▶ WHAT YOU ARE ASKED TO DO:
Pictures stay out of this copy, which runs from the first line of the material through the line containing "Соединив три линии".

▶ AVAILABLE DATA:
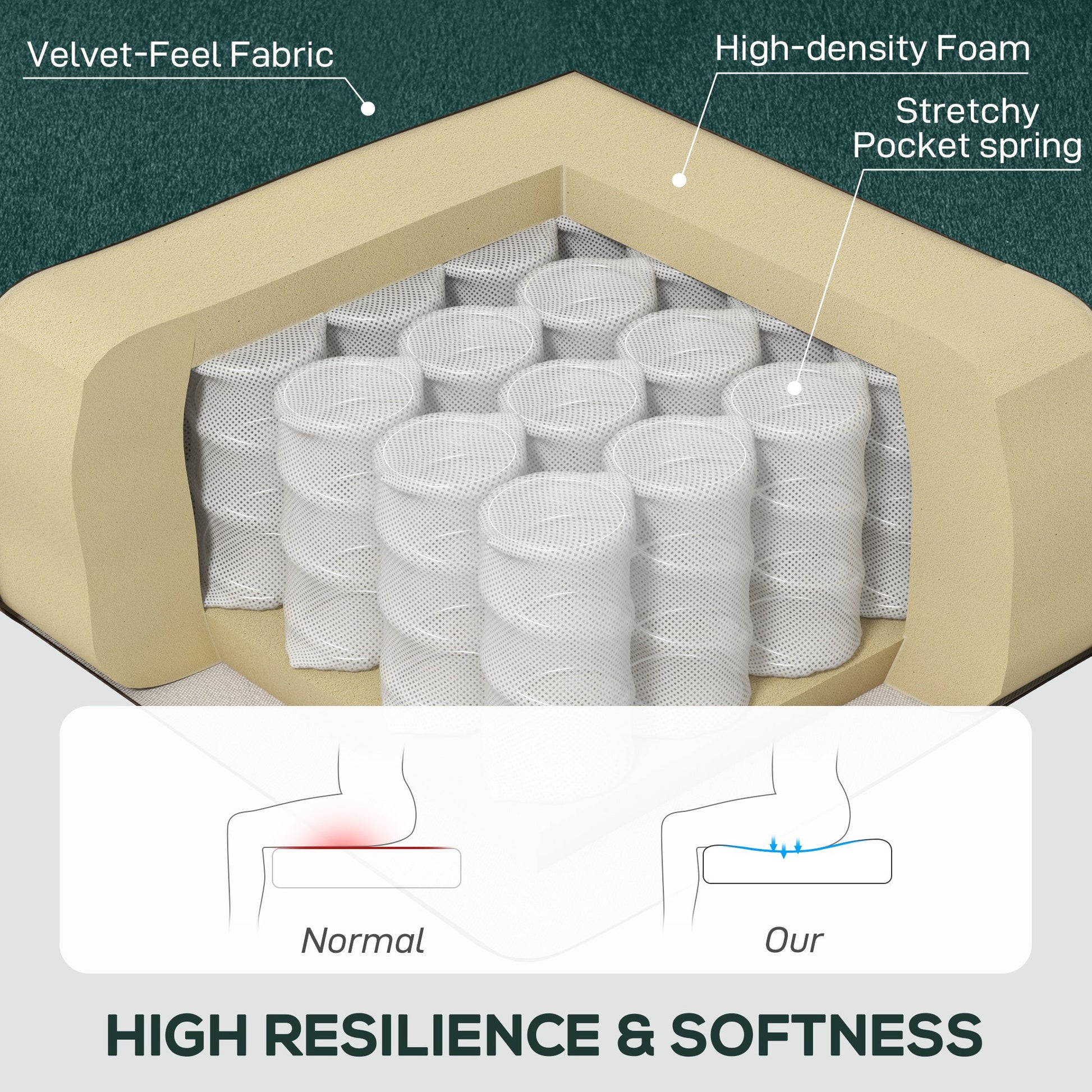 - Thick foam padding and pocket springs for comfort and support
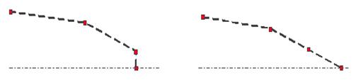 Соединив три линии в одну, получим слом. В отличие от обычных линий контрольной сетки, слом проходит через те же координаты на поверхности, через которые он проходил на контрольной сетке, т.е. слом полностью повторяет на поверхности своё расположение на контрольной сетке.
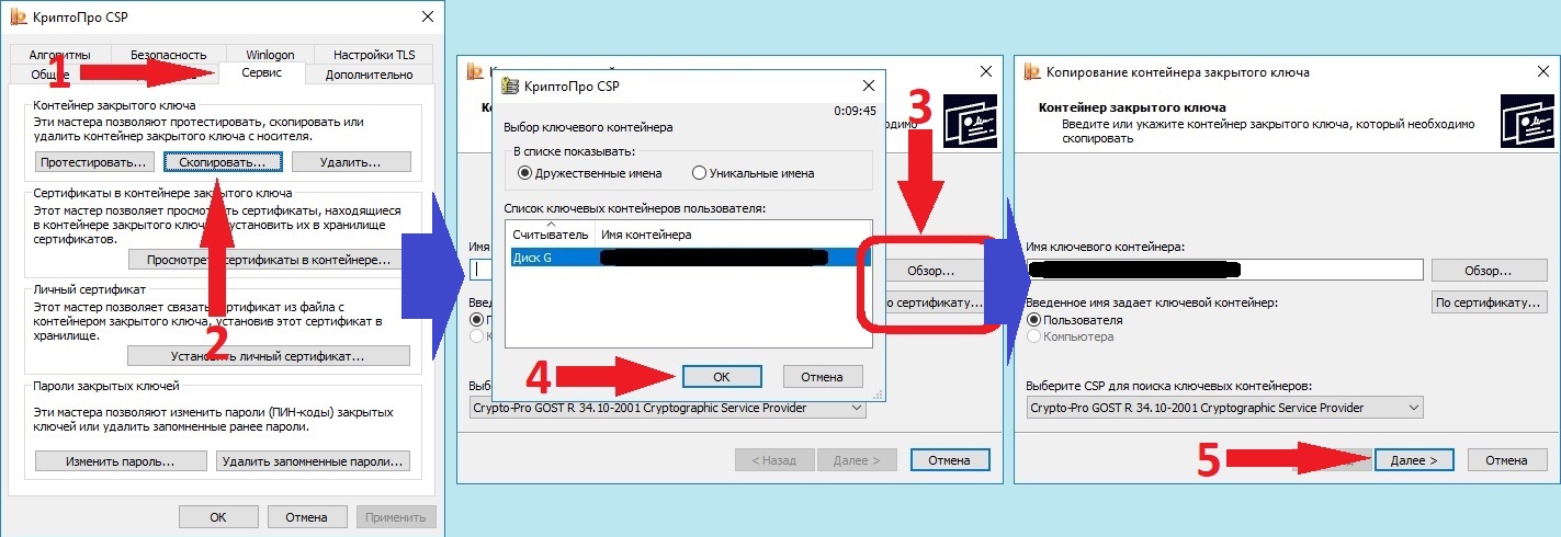 Откроется окно «Контейнер закрытого ключа», в нем нажмите на кнопку «Обзор» и выберите сертификат, который необходимо скопировать.

▶ ANSWER:
 - Thick foam padding and pocket springs for comfort and support
 Соединив три линии в одну, получим слом. В отличие от обычных линий контрольной сетки, слом проходит через те же координаты на поверхности, через которые он проходил на контрольной сетке, т.е. слом полностью повторяет на поверхности своё расположение на контрольной сетке.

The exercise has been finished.